§ **Exercise details**
Only the lines from the one that contains "ガーリーでフェミニンなバックプリーツトレンチコートのご紹介。" to the last line below, both included, should be transcribed. Pictures stay out of the copy.

§ **Stored data**
◇ ◇ ◇ ◇ ◇ ◇ ◇
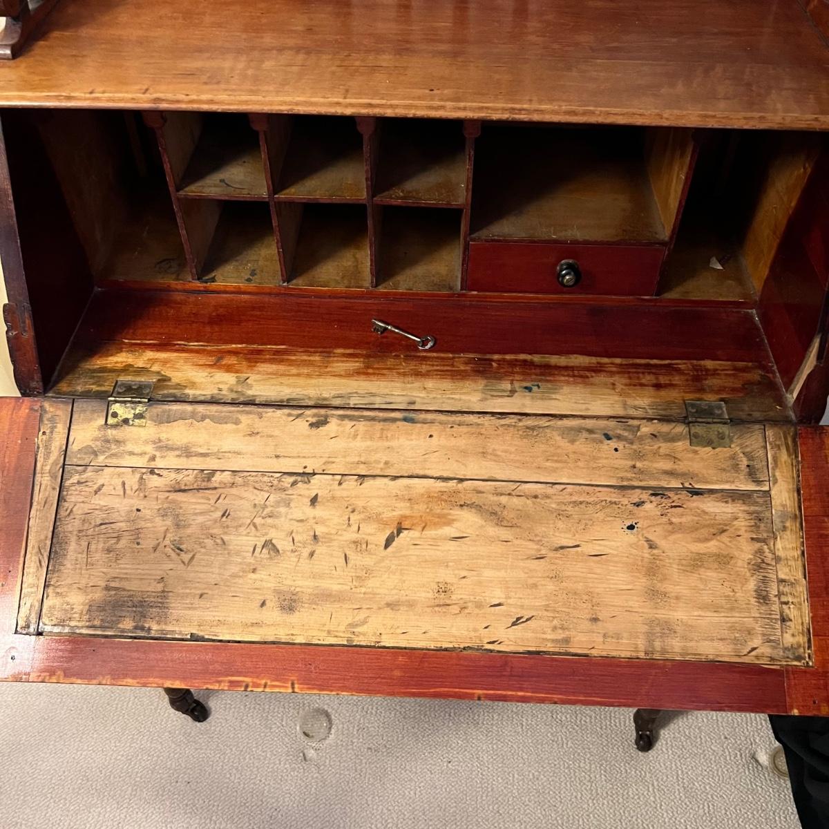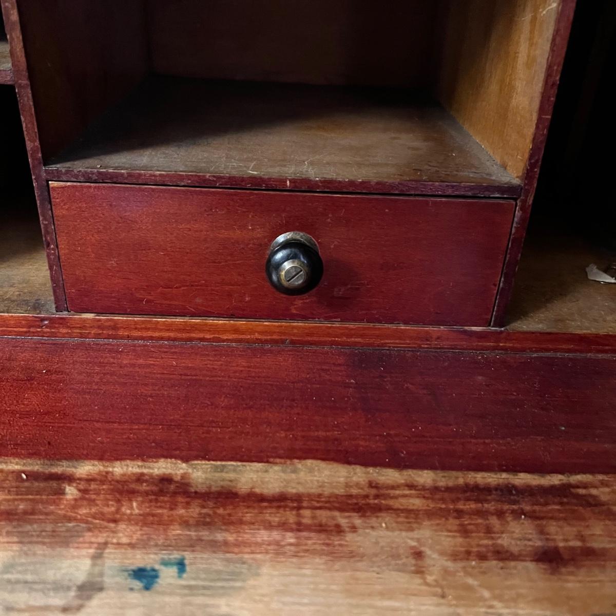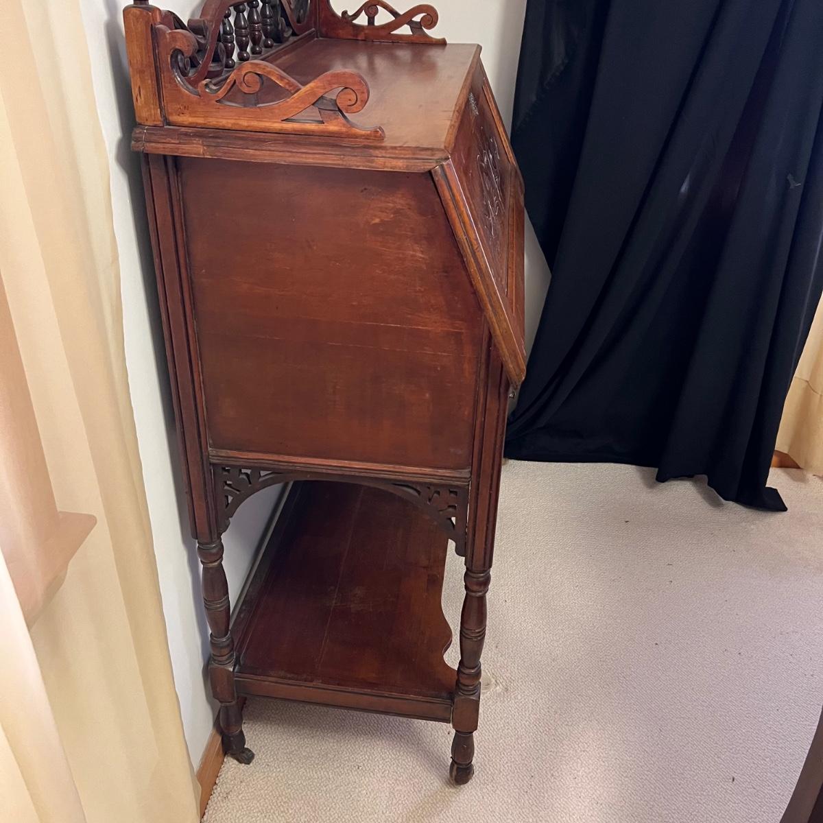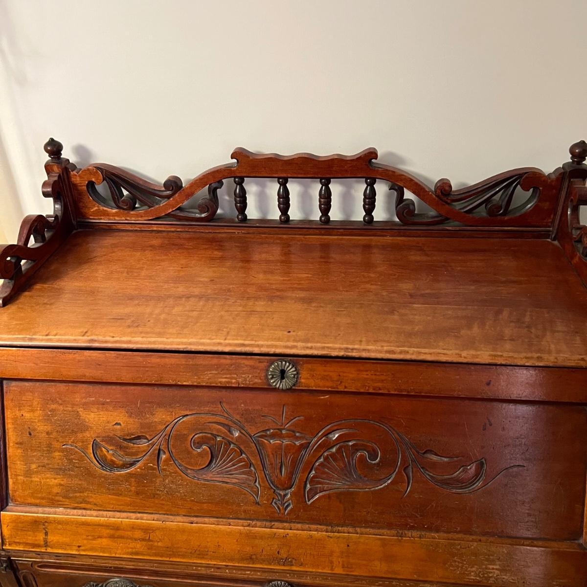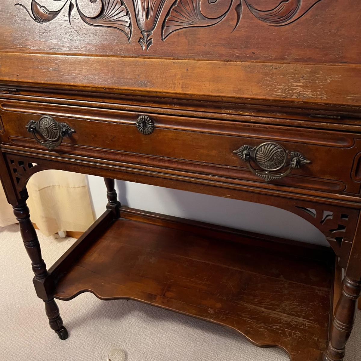 This beautiful solid wood Secretary desk is in very good condition structurally. The front is carved with a brass key hole (no key included). The inside of the drop down front is partially unfinished wood. Desk features seven small compartments and a small drawer; below that is one drawer and below that a shelf. Legs are on casters. The minor blemishes includes a small crack on one leg, some scratches on the shelf and a small section missing from the inside frame of the desk area.
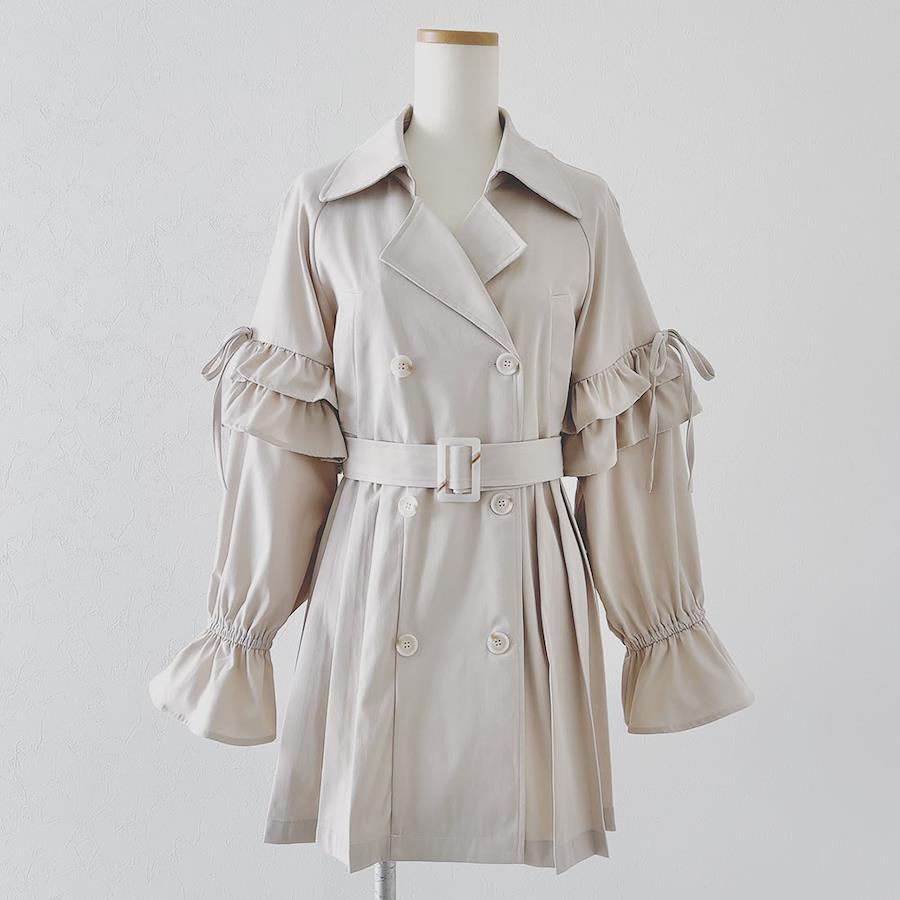 ガーリーでフェミニンなバックプリーツトレンチコートのご紹介。
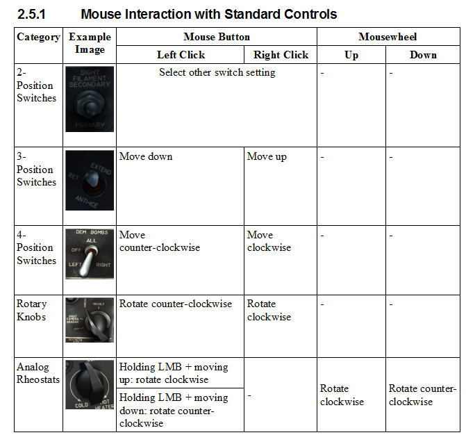 Simple replacement for the clickabledata.lua file, which fixes the wrong right/left mouse click behaviour of some of the knobs and switches in the cockpit (see the DCS standard in the image of this mod).<br />
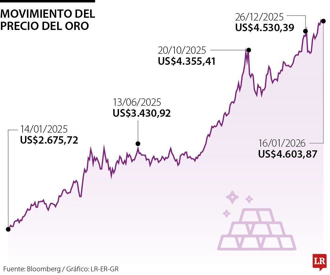 El oro al contado XAU= cedió 1%, a US$4.562,69 por onza, pero seguía en camino de cerrar la semana con un alza cercana a 2% tras tocar un pico de US$4.642,72 el miércoles. Los futuros del oro en Estados Unidos para entrega en febrero restaban 0,4%, a US$4.606,7. Adicionalmente, los índices de cotización fluctúan entre un mínimo en US$2.700 y un máximo en US$4.625.
◇ ◇ ◇ ◇ ◇ ◇ ◇
§ **Answer section**
 ガーリーでフェミニンなバックプリーツトレンチコートのご紹介。
 Simple replacement for the clickabledata.lua file, which fixes the wrong right/left mouse click behaviour of some of the knobs and switches in the cockpit (see the DCS standard in the image of this mod).<br />
 El oro al contado XAU= cedió 1%, a US$4.562,69 por onza, pero seguía en camino de cerrar la semana con un alza cercana a 2% tras tocar un pico de US$4.642,72 el miércoles. Los futuros del oro en Estados Unidos para entrega en febrero restaban 0,4%, a US$4.606,7. Adicionalmente, los índices de cotización fluctúan entre un mínimo en US$2.700 y un máximo en US$4.625.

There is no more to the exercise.